The equivalent Precambrian template, {{All time 250px}}, already uses a wider resolution, and I don't see why this can't work for the main timeline (and the period-by-period {{Period fossil range/rangebar}} which also uses 220px).

I've made a 280 pixels demo at User:Chaotic Enby/Phanerozoic 280px, inspired by what is currently being done on the Hebrew Wikipedia. You can see a comparison to the right in "real conditions", inside a taxobox with bold text and 88% font size, although without the range or the timeline zoom. This width gives some breathing space to the Silurian and the Neogene, while also allowing us to add a white highlight to blue links for readability (instead of having to alternate blue and white links depending on background color).

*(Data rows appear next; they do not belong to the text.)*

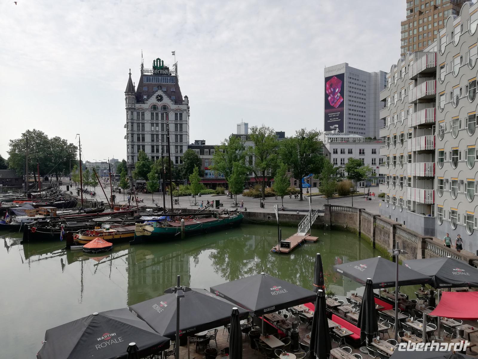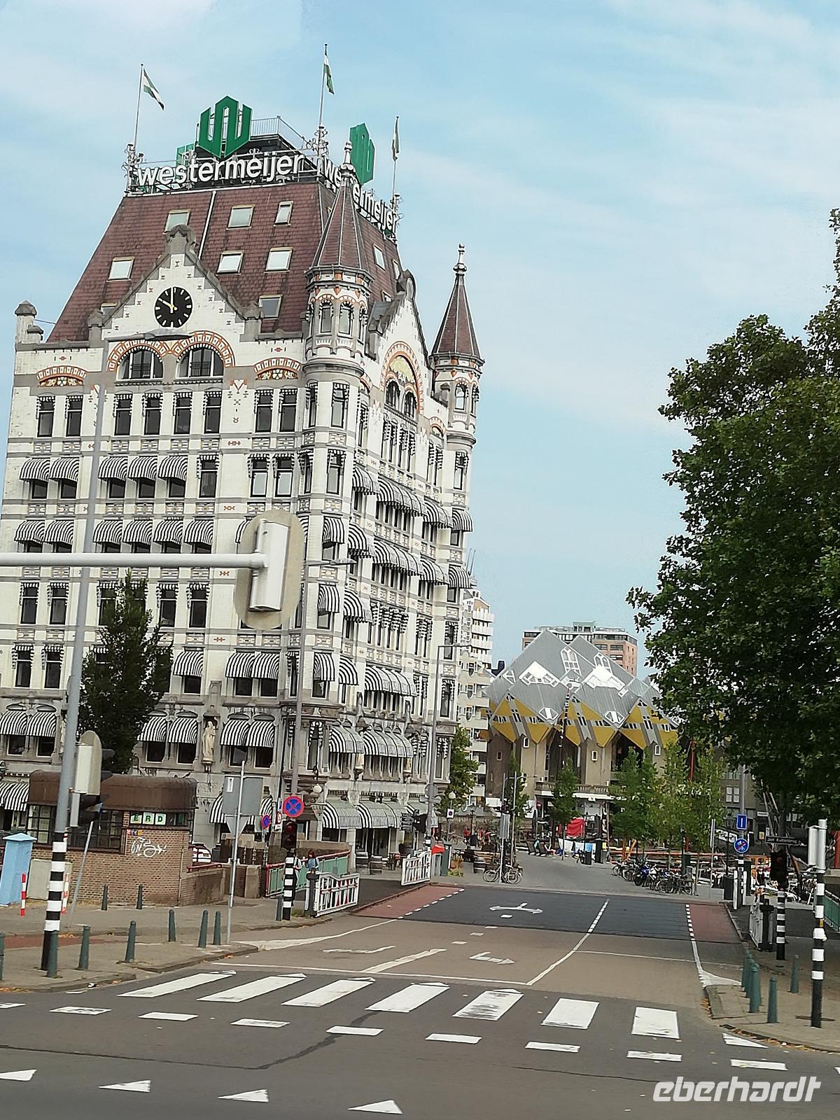 Diesmal haben wir Leo als Stadtführer für die EHT-Gruppe. Die Sonne brennt und wir genießen die Klimaanlage unseres Reisebusses. Rotterdam verfügt über eine Universität, mehrere Fachhochschulen, eine Musikhochschule und eine Kunstakademie. Sie ist die führende Industrie- und Handelsstadt der Niederlande. Auffällig ist die Rotterdamer Wolkenkratzer-Silhouette (fast wie Frankfurt am Main??), die sich seit Mitte 1980er-Jahre entwickelt hat.
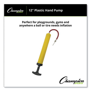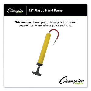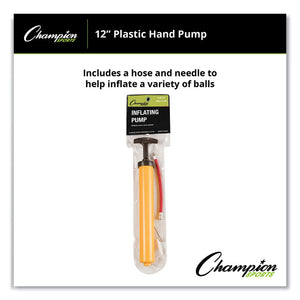 The Champion Sports 12-inch Plastic Hand Pump is your portable solution for keeping balls and tires topped off wherever you need them. This compact and lightweight pump is easy to throw in a gym bag, backpack, or even the trunk of your car. No more scrambling for misplaced pumps or relying on others to inflate your equipment. The easy-to-use design makes inflation a breeze, even for young athletes. The simple hand motion gets the job done quickly, and the hose and needle attachment provide versatility for inflating a variety of balls, from volleyballs to soccer balls to pool inflatables. Don't let a deflated ball sideline you. The Champion Sports 12-inch Plastic Hand Pump keeps you in the game, ready for action anytime, anywhere. Add this handy pump to your sports equipment collection today!
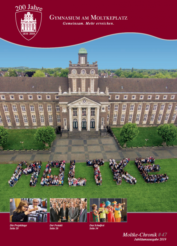 Unsere diesjährige Moltke-Chronik erfreut sich großer Beliebtheit. Achtung! Ehemalige, Freunde und Förderer der Schule sollten sich daher, falls noch nicht geschehen, ein Exemplar dieser besonderen Ausgabe sichern. Die Jubiläumschronik kann über das Sekretariat der Schule kostenlos bezogen werden. Natürlich freut sich der Förderverein über eine freiwillige Spende.
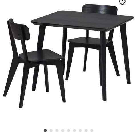 Säljer ett svart matbord (IKEA Bjursta) med två matchande stolar i begagnat och använt skick. Bordet är köpt begagnat på Marketplace och använt i studentlägenhet. Passar utmärkt för mindre ytor.
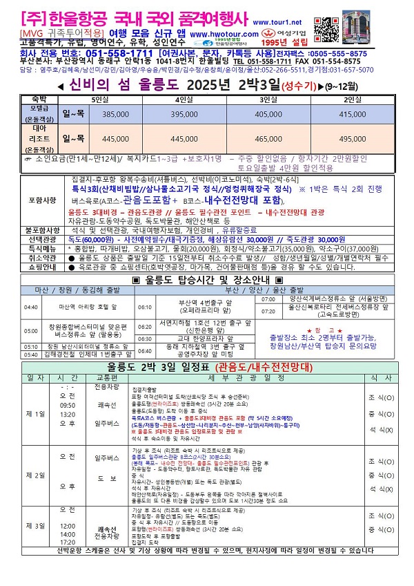 ※ 포항수송 별도시 1인 35,000원 공제, 포항조식제외 1인 9,000원 공제 // 독도는 사전예약필수
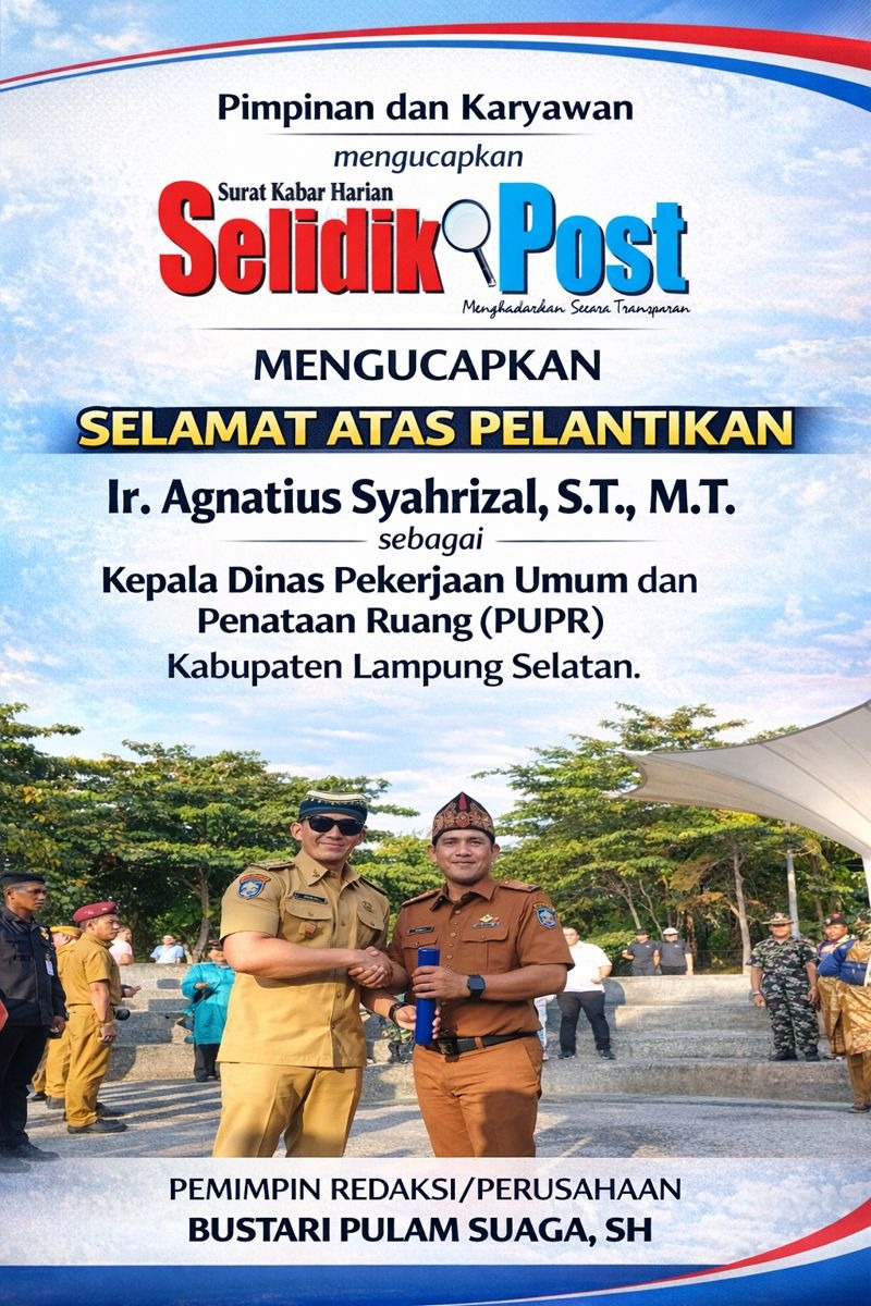 SelidikPost.com, Bandar Lampung – Segenap pimpinan dan karyawan surat kabar SelidikPost mengucapkan selamat kepada Ir. Agnatius Syahrizal, S.T., M.T., yang baru saja dilantik sebagai Kepala Dinas Pekerjaan Umum dan Penataan Ruang (PUPR) Kabupaten Lampung Selatan.
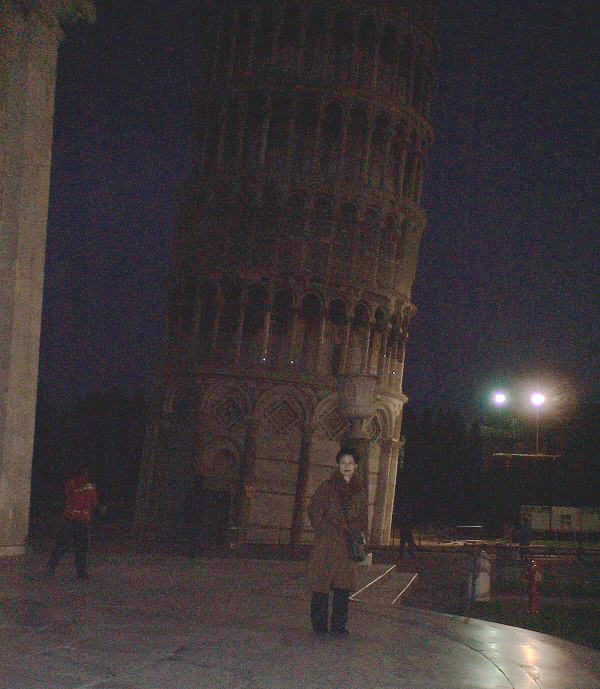 駅に戻りエンポリで乗り換えピサ15:42着日が暮れそうなので急いで斜塔へ歩くピサの市内はやはり人の波をかき分け ながら日没ぎりぎりに斜塔着この時間では本当の斜塔の雄大さが感じられず、少し残念。 クリスマスイルミネーションの中ゆっくりピサの街を歩く。 18:00頃30〜40分位遅れた前の時間の電車が来たのでそれに乗り19:00頃フィレンツエに帰る。 ウィンドーショッピングしながら途中ピザ店でテイクアウトして買い置きのワイン飲みホテルで食べる。 |
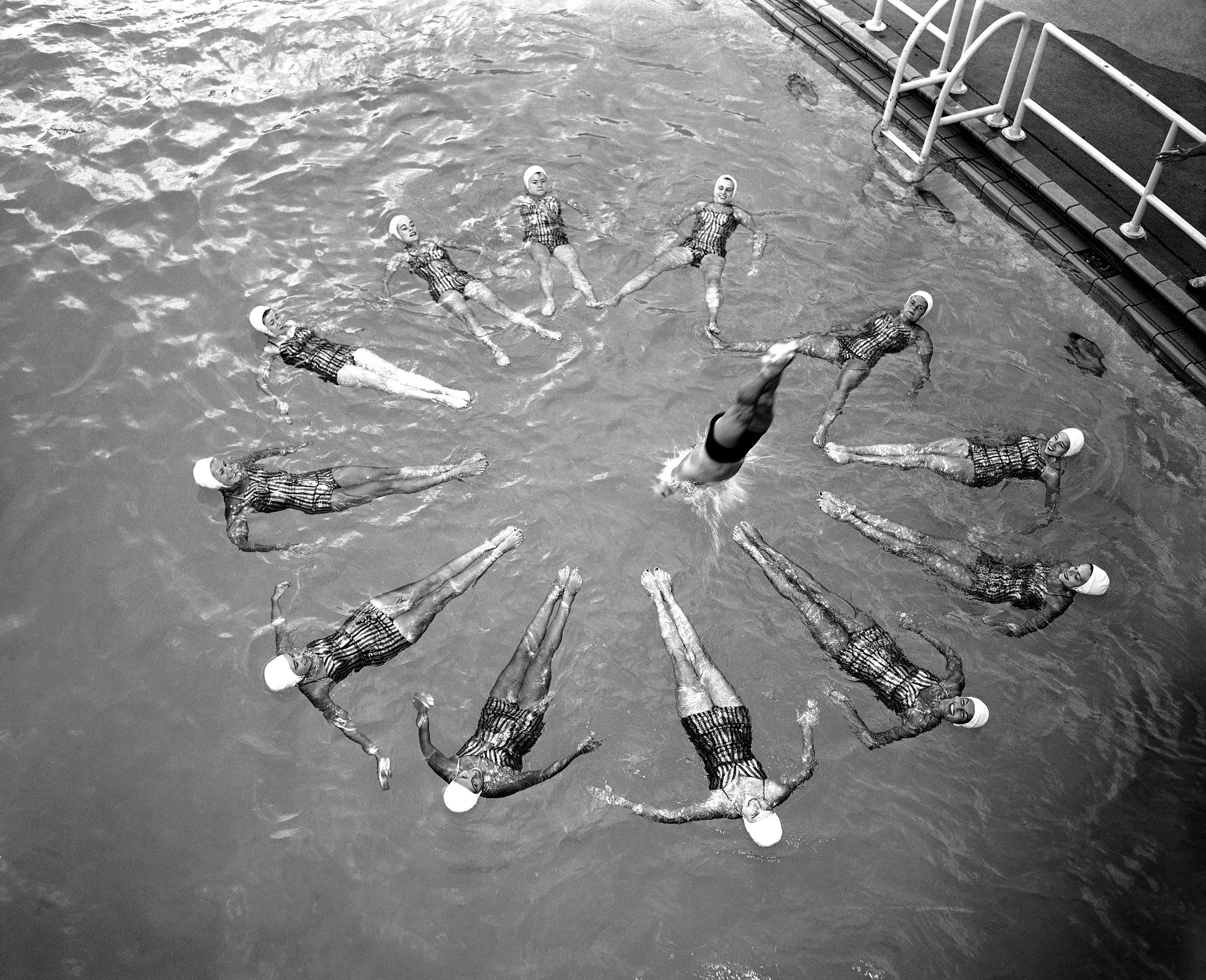 Bobby Knapp dives into the center of a pinwheel formed by members of the water ballet, during the weekly rehearsal for the summer “Aquashow” at Flushing Meadows Amphitheatre, Flushing, New York, Aug. 1, 1953. (AP Photo/Ed Ford)
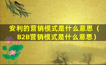 安利的营销模式是什么意思(B2B营销模式是什么意思)
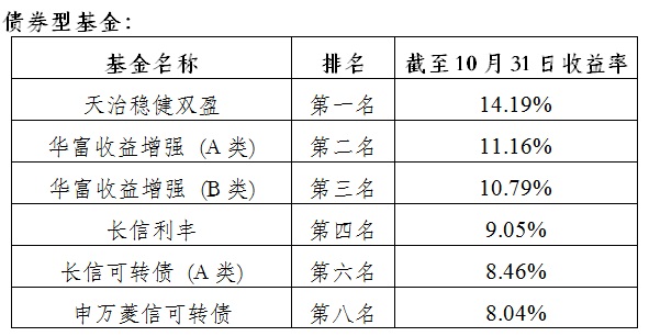 公會(huì)對(duì)上?;鸸窘衲暌詠?lái)截至10月31日各類(lèi)型基金的排名情況進(jìn)行了觀察。上?;鸸驹趥秃捅1拘突饦I(yè)績(jī)上持續(xù)表現(xiàn)優(yōu)異。天治穩(wěn)健雙盈債券基金穩(wěn)坐同類(lèi)別基金頭把交椅,富國(guó)中小盤(pán)基金十月收益頗佳,重回QDII型基金榜首。具體排名如下:
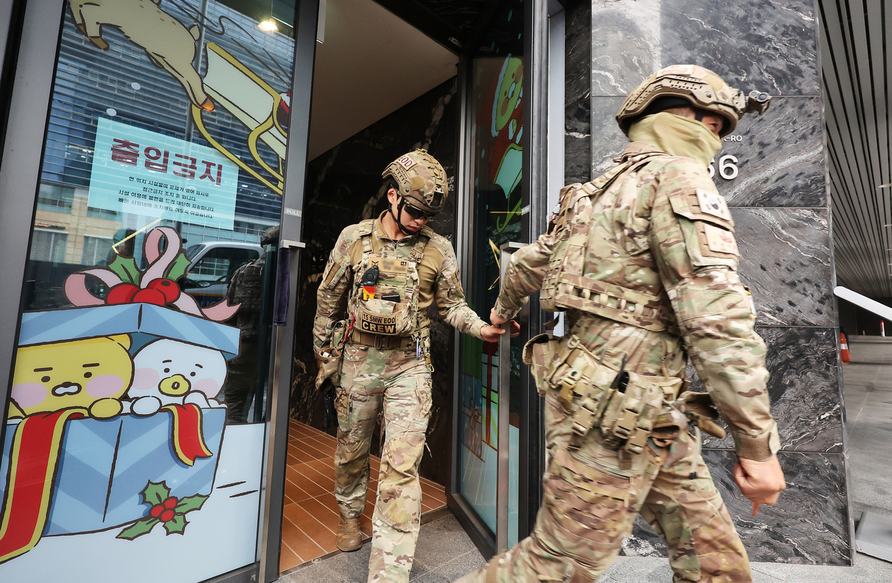| 15일 경기 성남시 분당구 카카오 판교아지트 건물에 폭파 협박이 있었다는 사측의 신고가 접수돼 경찰과 군이 수색에 나섰다. [연합] |

Should we go ahead and widen the timeline templates to 250 or even 280 pixels? Chaotic Enby (talk · contribs) 02:34, 11 April 2026 (UTC)[reply]

CE you are always cooking. Yes, that looks good, though I have a harder time reading the blue links with white shadow. I wonder if altering the back colors to make the links white instead of blue would be easier to see? 3df (talk) 08:18, 12 April 2026 (UTC)[reply]
Yep, that's feasible too! My hope was that the shadows would make reading easier without having to alternate link colors, although we could very much keep the existing link colors and still widen the timeline.
Sadly, the period colors we're using are the "official" ones (from the International Commission on Stratigraphy) which are used virtually everywhere and do serve as a useful shorthand for people familiar with paleontology, so I'm not sure they can be changed.
(also, I just added slightly brighter outlines, tell me if that's more readable!) Chaotic Enby (talk · contribs) 20:20, 12 April 2026 (UTC)[reply]
Definitely approve of expanding the width, it looks better. New link colors are imperfect, but pretty good. Mrfoogles (talk) 23:56, 15 April 2026 (UTC)[reply]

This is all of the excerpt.